Late in the afternoon in 1751, a group of schoolmates ran and hid, playing a game of archers and highwaymen—cops and robbers—in the fields and woods outside Chartres, France. When a robber was caught, he was condemned on the spot to a make-believe “hanging.” Seven-year-old cop Antoine Francois captured robber Pierre. Per the boys’ rules, Antoine Francois tied up Pierre’s hands and feet and then put a noose about his neck. He looped the other end over a tree branch while the condemned stood atop a stack of books. The rope hung slack.
Earlier that day Pierre had wrestled the sickly Antoine Francois to the ground and teased him for being so timid.

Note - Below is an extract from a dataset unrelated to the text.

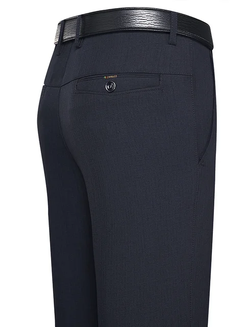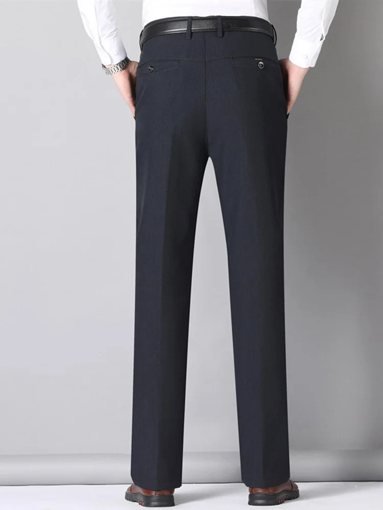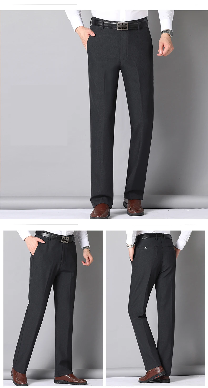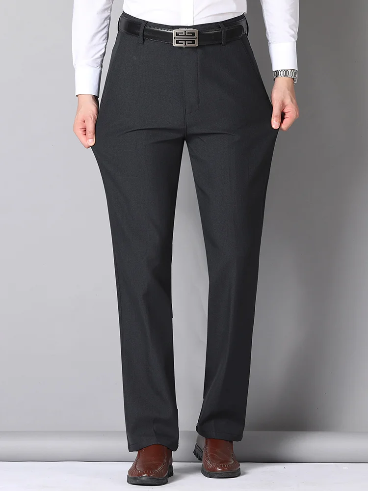 Autumn Winter Men’s Business Pants Loose Straight Formal Classic Solid Color Work High Waist Black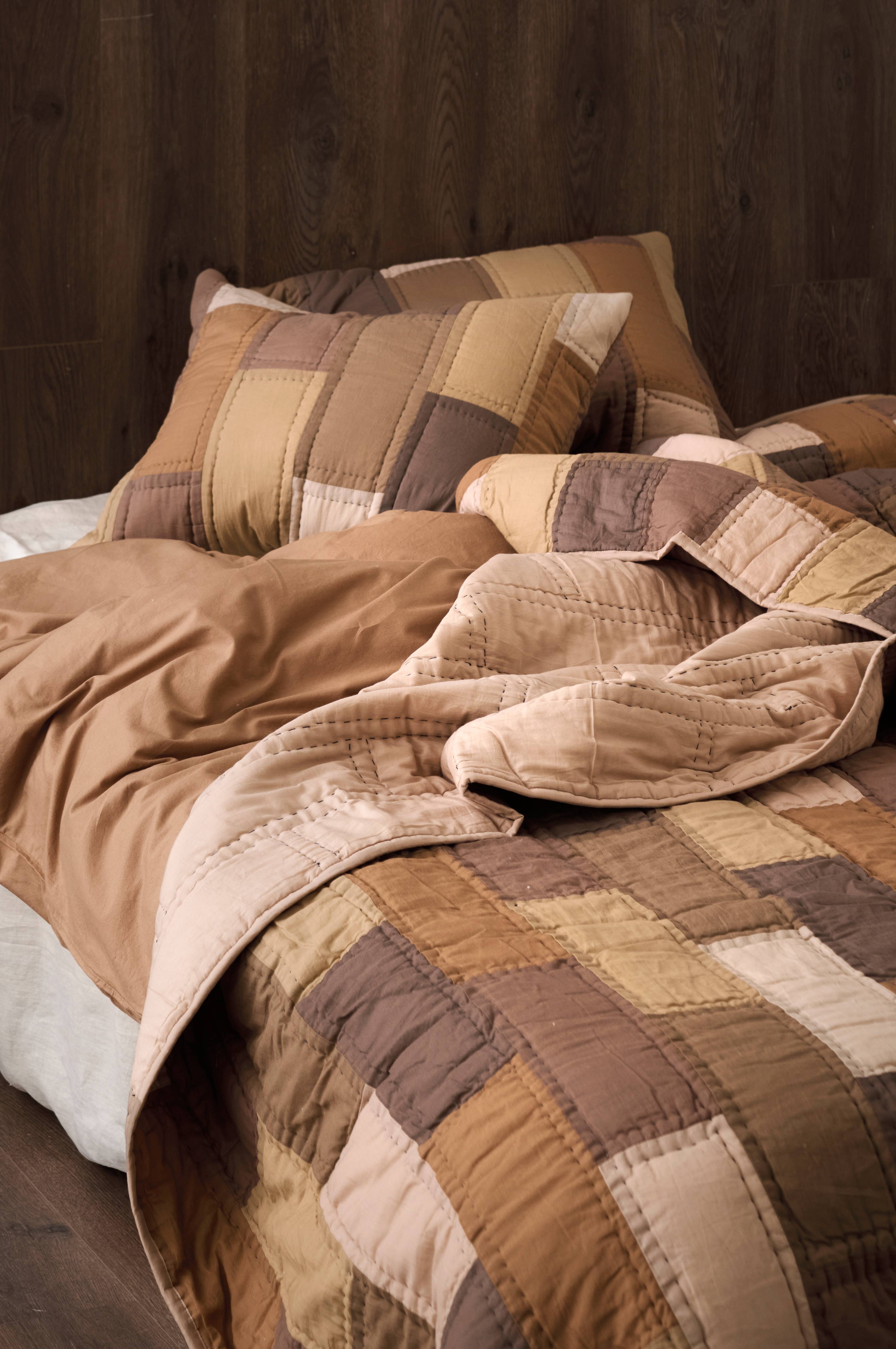 Handquiltat överkast i mjuk, tvättad bomullsvoile med kantband runt om. Lapptäckmönster på framsidan och enfärgad baksida. Fyllning av 250 g bomull.

According to Alexandre Dumas, author of The Count of Monte Cristo, The Three Musketeers, and The Vicomte de Bragelonne (The Man in the Iron Mask), here’s what happened when the roles were reversed at the mock hanging:
“A horrible thought showed itself like a flash on the child’s face. He resembled a young hyena scenting blood for the first time. He glanced at the pile of books Pierre was standing on, and compared it with the length of the cord between the branch and his neck. It was already nearly dark, the shadows were deepening in the woods, gleams of pale light penetrated between the trees, the leaves had become black and rustled in the wind. Antoine stood silent and motionless, listening if any sound could be heard near them.